Table of Contents
Page created on June 9, 2021. Last updated on January 17, 2022 at 11:38
Definition and epidemiology
Cancer of the vulva is mostly a disease of older (60 – 70 years) women. It’s one of the less common gynaecological cancers (5%).
The prognosis of vulvar cancer is poor, even though most are discovered in an early stage.
Squamous cell carcinoma is the most common histological type, accounting for 90% of cases. The second most common is adenocarcinoma, which originates from the Bartholin glands.
Vulvar intraepithelial neoplasia
Vulvar intraepithelial neoplasia (VIN) is the premalignant precursor to squamous cell vulvar cancer.
VIN is classified according to the WHO 2020 system. According to this system, the cells can either be:
- Low-grade VIN
- High-grade VIN
- Differentiated vulvar intraepithelial neoplasia (dVIN)
Low-grade VIN is a benign lesion and is not premalignant.
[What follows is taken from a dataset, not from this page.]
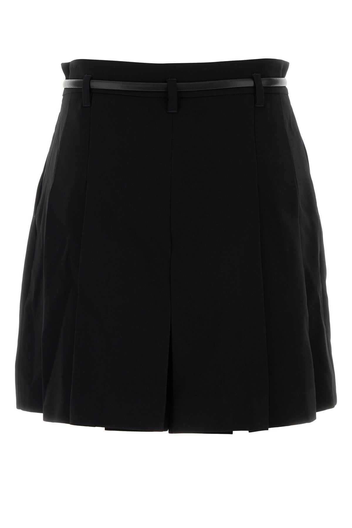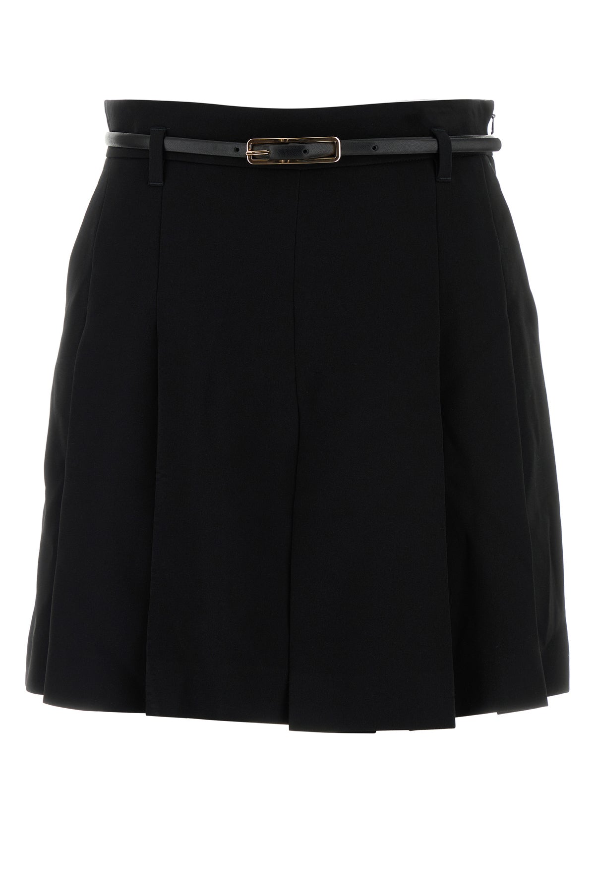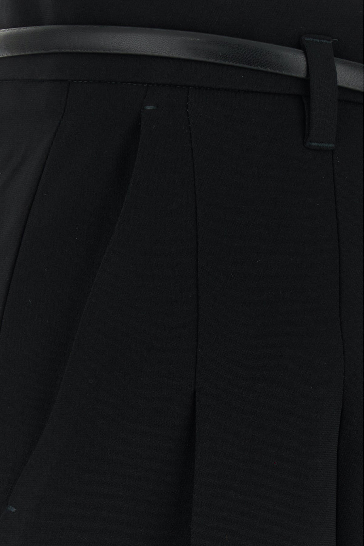 Pleated shorts realized in crepe enriched by tonal leather belt.

High-grade VIN and dVIN are associated with the development of vulvar cancer.
High-grade VIN is associated with HPV and is the most common form of VIN. It’s also associated with smoking. These lesions are often multifocal (many foci within the same organ) and multicentric (concomitant foci in other organs, like vagina, cervix).
dVIN is not associated with HPV and has a worse prognosis than high-grade VIN. It’s associated with lichen sclerosis. These lesions are unifocal and unicentric.
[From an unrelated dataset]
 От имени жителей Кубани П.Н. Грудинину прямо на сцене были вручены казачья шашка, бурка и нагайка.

Not included in the topic name so I suppose it’s not important?
|Tumor confined to the vulva and/or perineum
|Tumor of any size with extension to adjacent perineal structures (distal third of the urethra, distal third of the vagina, anal involvement)
|Tumour of any size with or without extension to adjacent perineal structures (1/3 lower urethra, 1/3 lower vagina, anus) with positive inguinal-femoral lymph nodes
|Tumour invades other regional (2/3 upper urethra, 2/3 upper vagina), or distant structures
(Substages excluded for simplicity)
Patients with VIN or vulvar cancer usually present with a vulvar lesion, which is visible but often asymptomatic. If symptomatic, it can be itchy or bleeding.
Diagnosis and evaluation
Diagnosis is made based of biopsy of the lesion. It can be difficult to distinguish VIN from lichen sclerosus or lichen planus, so biopsy should be taken of all lesions of the vulva which are not certain to be benign.
Low-grade VIN is not premalignant and does not require treatment unless symptomatic. High-grade VIN and dVIN can be treated by surgical excision or by ablation. Unfortunately, recurrence is common, so patients should be monitored regularly for recurrence.
The treatment of vulvar cancer is generally surgical. The radicality of the surgery depends on the stage, the age of the patient, the comorbidities, and the stages of the lymph nodes. The options are:
- Local excision with 1 cm free margin
- Partial vulvectomy
- Radical vulvectomy ± inguinofemoral lymphadenectomy ± pelvic lymphadenectomy
- Pelvic exenteration is the most radical treatment option. It involves removing all organs from the pelvic cavity. Rarely performed.
The stages of the lymph nodes should be determined by sentinel lymph node biopsy. The sentinel lymph nodes in case of vulvar cancer are called Cloquet or Rosenmüller lymph nodes. If the sentinel lymph node is positive, regional lymphadenectomy is necessary.
Radiochemotherapy may be an option in recurring or high stage cancers. In case of palliative cases, electro-excision or laser-excision may be used.
Vaginal intraepithelial neoplasia
Vaginal intraepithelial neoplasia (VAIN) is the premalignant precursor to vaginal cancer. VAIN is, like CIN and high grade VIN, associated with HPV, and is often present simultaneously as any of these (due to the multifocal and multicentric character of HPV lesions). VAIN is very rare.
It’s classified like this:
- Low grade squamous intraepithelial lesion (VAIN 1)
- High grade squamous intraepithelial lesion (VAIN 2/VAIN 3)
VAIN is usually asymptomatic. It can be screened for by Pap smear, it can be diagnosed by biopsy.
It is treated surgically or with ablation by laser.